::: Material for this task :::
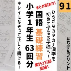 【新発売!】91.小学1年国語なぞり書き基礎練習プリント、ひらがなカタカナ漢字
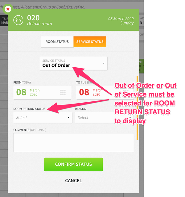When setting a room Out of Order/Out of Service, you can now select a ROOM RETURN STATUS from a dropdown menu containing your hotel’s configured housekeeping statuses. Once the room is no longer Out of Order/Out of Service, the room status of the room will be set according to the housekeeping return status.
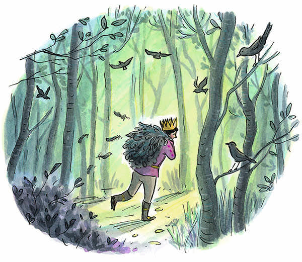 И работа закипела. Дрозды роняли чёрные перья возле Принца, а тот мазал их каштановой смолой и приклеивал сверху на мешок. Очень скоро он так густо покрыл весь мешок перьями, что солнечный свет стал совершенно не виден в сумраке Тёмного леса. Принц преспокойно прошёл через царство желтоглазых гоблинов, и ни один из этих хитрецов не заметил ни Принца, ни мешка, покрытого чёрными перьями.
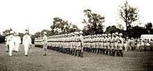 The 1st Battalion was serving in Ireland upon the outbreak of the war and was given orders to mobilise on 4 August, the day that Britain declared war on Germany. Part of the 15th Brigade, 5th Division the battalion left Belfast on 14 August and immediately embarked for France, where they became part of the British Expeditionary Force.[56] They saw their first action of the war against the German Army at the Battle of Mons in August 1914.[57] The 2nd Battalion was serving in Bombay, India in the 18th (Belgaum) Brigade, part of the 6th (Poona) Division, of the British Indian Army, upon the outbreak of war. The 2nd Battalion of the Norfolks fought in the Mesopotamian campaign. The treatment of prisoners after the fall of Kut al Amara in April 1916 mirrors that that would later befall the Royal Norfolks in the Far East during the Second World War.[58]
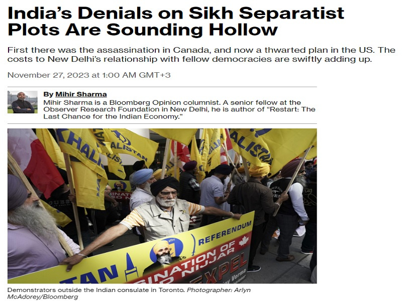 Bloomberg’s Mihir Sharma published a piece on Monday about how “India’s Denials on Sikh Separatist Plots Are Sounding Hollow”. After strongly implying that there’s credence to Canada’s claim that India assassinated a Delhi-designated terrorist-separatist and the US’ latest one that it tried to do the same to another such individual, he then argues why this was supposedly a poor policy on India’s part. What Sharma avoids talking about, however, is why the Anglosphere hosts people like that in the first place.
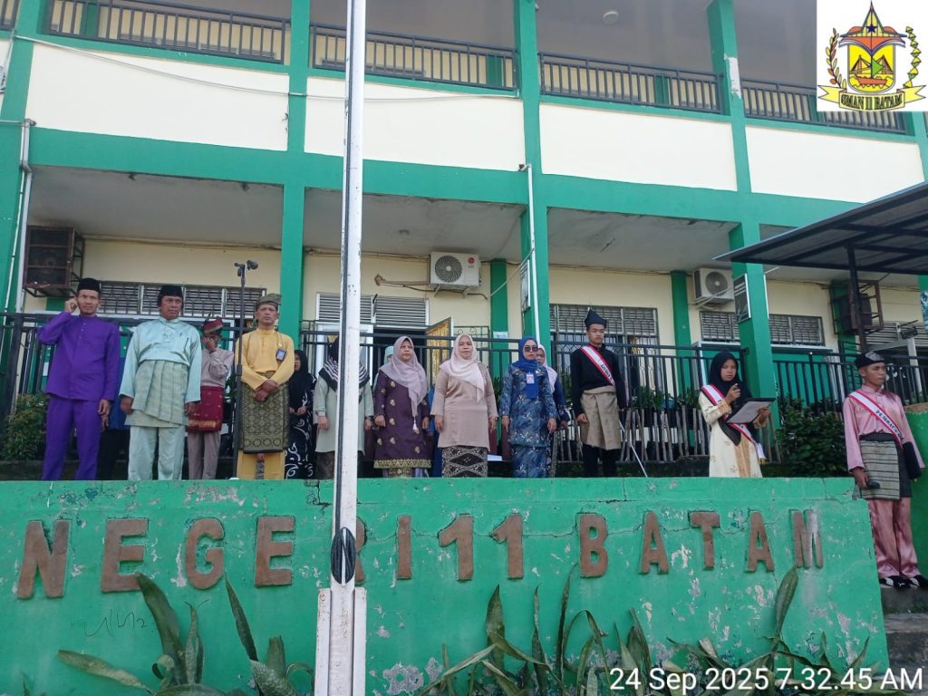 Batam – Seluruh keluarga besar SMA Negeri 11 Batam tampak khidmat mengikuti upacara peringatan Hari Ulang Tahun (HUT) ke-23 Provinsi Kepulauan Riau. Upacara ini dilaksanakan di halaman sekolah pada hari Selasa, 24 September 2025, sebagai wujud penghormatan dan rasa cinta terhadap provinsi yang dijuluki “Bumi Segantang Lada” ini.
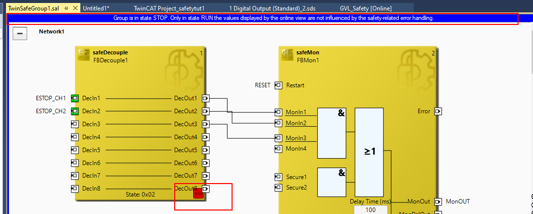 But the Safety Group is in stop state, and also there is a red icon in all your Safety Function Block.
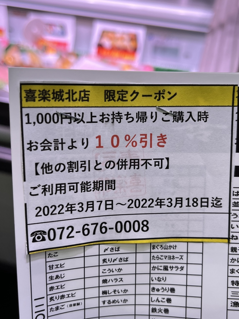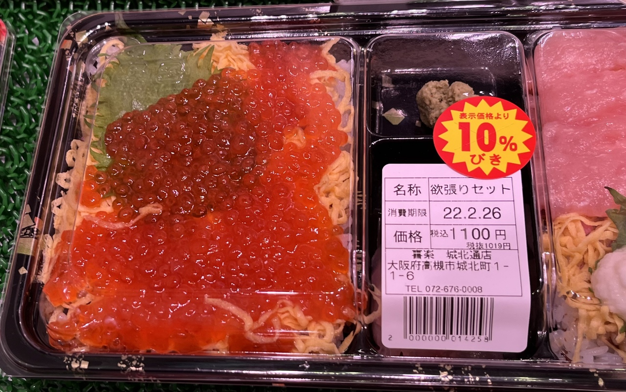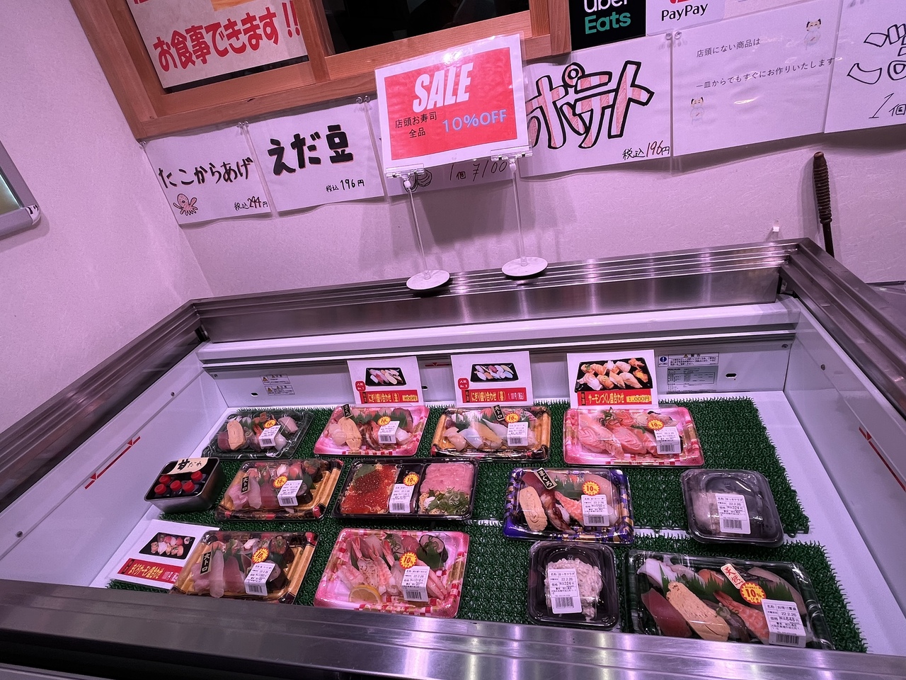 この時 夕方だったので 店頭のお寿司 全品10%OFFでした。
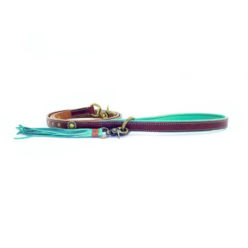 Geschmeidige und weiche Lederleine. Die Leine ist mit schönen Kupferdetails verziert. ZusĂ€tzlich wurde ein abnehmbarer AnhĂ€nger mit Fransen hinzugefĂŒgt. Der alte „gebrauchte“ Look ist Teil des Aussehens von Dog with a Mission!
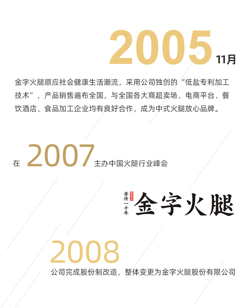 >金字火腿順應(yīng)社會健康生活潮流,采用公司獨(dú)創(chuàng)的“低鹽專利加工技術(shù)”,產(chǎn)品銷售遍布全國,與全國各大商超賣場、電商平臺、餐飲酒店、食品加工企業(yè)均有良好合作,成為中式火腿放心品牌。
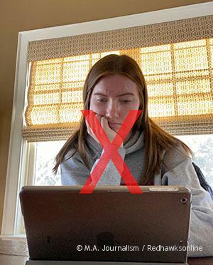 - If your laptop or iPad is tilted up, arrange the camera so you can be seen from the side:
:::
▸ **Task objective**
Strip out the pictures and quote the remaining data word for word.

▸ **Written answer**
 【新発売!】91.小学1年国語なぞり書き基礎練習プリント、ひらがなカタカナ漢字
When setting a room Out of Order/Out of Service, you can now select a ROOM RETURN STATUS from a dropdown menu containing your hotel’s configured housekeeping statuses. Once the room is no longer Out of Order/Out of Service, the room status of the room will be set according to the housekeeping return status.
 И работа закипела. Дрозды роняли чёрные перья возле Принца, а тот мазал их каштановой смолой и приклеивал сверху на мешок. Очень скоро он так густо покрыл весь мешок перьями, что солнечный свет стал совершенно не виден в сумраке Тёмного леса. Принц преспокойно прошёл через царство желтоглазых гоблинов, и ни один из этих хитрецов не заметил ни Принца, ни мешка, покрытого чёрными перьями.
 The 1st Battalion was serving in Ireland upon the outbreak of the war and was given orders to mobilise on 4 August, the day that Britain declared war on Germany. Part of the 15th Brigade, 5th Division the battalion left Belfast on 14 August and immediately embarked for France, where they became part of the British Expeditionary Force.[56] They saw their first action of the war against the German Army at the Battle of Mons in August 1914.[57] The 2nd Battalion was serving in Bombay, India in the 18th (Belgaum) Brigade, part of the 6th (Poona) Division, of the British Indian Army, upon the outbreak of war. The 2nd Battalion of the Norfolks fought in the Mesopotamian campaign. The treatment of prisoners after the fall of Kut al Amara in April 1916 mirrors that that would later befall the Royal Norfolks in the Far East during the Second World War.[58]
 Bloomberg’s Mihir Sharma published a piece on Monday about how “India’s Denials on Sikh Separatist Plots Are Sounding Hollow”. After strongly implying that there’s credence to Canada’s claim that India assassinated a Delhi-designated terrorist-separatist and the US’ latest one that it tried to do the same to another such individual, he then argues why this was supposedly a poor policy on India’s part. What Sharma avoids talking about, however, is why the Anglosphere hosts people like that in the first place.
 Batam – Seluruh keluarga besar SMA Negeri 11 Batam tampak khidmat mengikuti upacara peringatan Hari Ulang Tahun (HUT) ke-23 Provinsi Kepulauan Riau. Upacara ini dilaksanakan di halaman sekolah pada hari Selasa, 24 September 2025, sebagai wujud penghormatan dan rasa cinta terhadap provinsi yang dijuluki “Bumi Segantang Lada” ini.
 But the Safety Group is in stop state, and also there is a red icon in all your Safety Function Block.
 この時 夕方だったので 店頭のお寿司 全品10%OFFでした。
 Geschmeidige und weiche Lederleine. Die Leine ist mit schönen Kupferdetails verziert. ZusĂ€tzlich wurde ein abnehmbarer AnhĂ€nger mit Fransen hinzugefĂŒgt. Der alte „gebrauchte“ Look ist Teil des Aussehens von Dog with a Mission!
 >金字火腿順應(yīng)社會健康生活潮流,采用公司獨(dú)創(chuàng)的“低鹽專利加工技術(shù)”,產(chǎn)品銷售遍布全國,與全國各大商超賣場、電商平臺、餐飲酒店、食品加工企業(yè)均有良好合作,成為中式火腿放心品牌。
 - If your laptop or iPad is tilted up, arrange the camera so you can be seen from the side:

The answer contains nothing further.